Custom Operation Lowering
The custom-operation dispatcher takes target-specific cases and lets LLVM's generic legalizer take everything else. The relevant classes:
| Operation class | Lowering behavior |
|---|---|
| Vector load/store | Rewrite into NVPTX vector load/store or splat DAG nodes when the target supports the shape. |
INSERT_VECTOR_ELT, EXTRACT_VECTOR_ELT, BUILD_VECTOR, SCALAR_TO_VECTOR | Rebuild as NVPTX splat or lane-extract nodes. |
| Scalar floating remainder fallback | Materialize through param-load and element rebuild nodes. |
| Scalar atomics | Lower into NVPTX atomic nodes and chain bundles. |
| Vector atomics | Require a sufficiently new SM target; otherwise emit a fatal unsupported-architecture diagnostic. |
The dispatcher returns "not handled" for gaps on purpose: that preserves LLVM's ordinary legalization behavior for non-NVIDIA cases.
bool lower_operation(SDNode *node, DAG *dag, SmallVector<SDValue> *results) {
switch (node->opcode) {
case ISD_LOAD:
return lower_vector_or_param_load(node, dag, results);
case ISD_INSERT_VECTOR_ELT:
case ISD_EXTRACT_VECTOR_ELT:
case ISD_BUILD_VECTOR:
case ISD_SCALAR_TO_VECTOR:
return lower_vector_lane_op(node, dag, results);
case ISD_ATOMIC_LOAD_ADD:
case ISD_ATOMIC_LOAD_AND:
case ISD_ATOMIC_LOAD_OR:
case ISD_ATOMIC_LOAD_XOR:
case ISD_ATOMIC_CMP_SWAP:
return lower_atomic(node, dag, results);
default:
return false;
}
}
Atomic-RMW Lowering
Atomic lowering is split by operation family.
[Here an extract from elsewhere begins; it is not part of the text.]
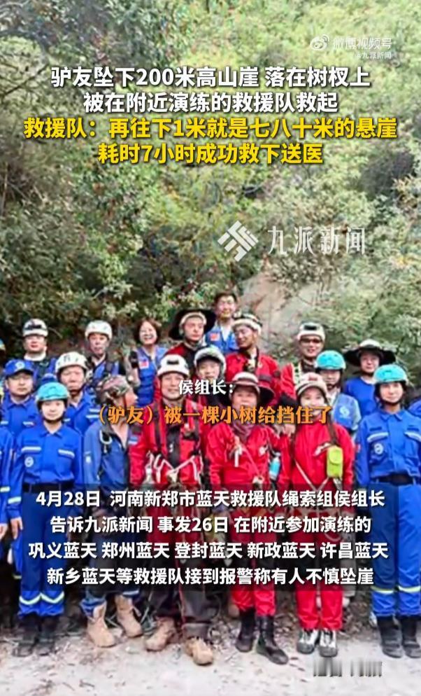 4月28号报道,河南巩义一处陡峭山崖上,一名驴友徒步时不慎失足坠崖,从200米高的崖顶下坠20多米后,被崖间树杈卡住,处境万分危急,不过幸运的是,当时8支蓝天救援队在附近演练,耗时7小时成功将其救下并送往医院救治。

CAS-like and load-only operations emit an atomic compare/swap skeleton. Arithmetic RMW operations emit one per-part arithmetic atomic and bundle the result chain.
bool lower_atomic(SDNode *node, DAG *dag, SmallVector<SDValue> *results) {
AtomicKind kind = classify_atomic(node->opcode);
if (kind.is_vector && !subtarget_supports_vector_atomics(dag->subtarget))
fatal("vector atomics not supported on this architecture!");
ValueTypeParts parts = compute_value_parts(node->value_type, node->calling_conv);
Chain chain = node->chain;
for (unsigned i = 0; i < parts.count; ++i) {
AtomicPart part = extract_atomic_part(node, parts.part[i]);
if (kind.uses_compare_exchange) {
chain = emit_atomic_compare_and_swap(dag, chain, part, kind.signedness);
} else {
chain = emit_atomic_rmw(dag, chain, part, kind.opcode, kind.signedness);
}
}
results->push_back(bundle_atomic_chain(dag, chain));
return true;
}
Signedness does not change the overall DAG shape. It threads into final instruction selection so the backend picks signed or unsigned PTX mnemonics — atom.global.min.s32 versus atom.global.min.u32.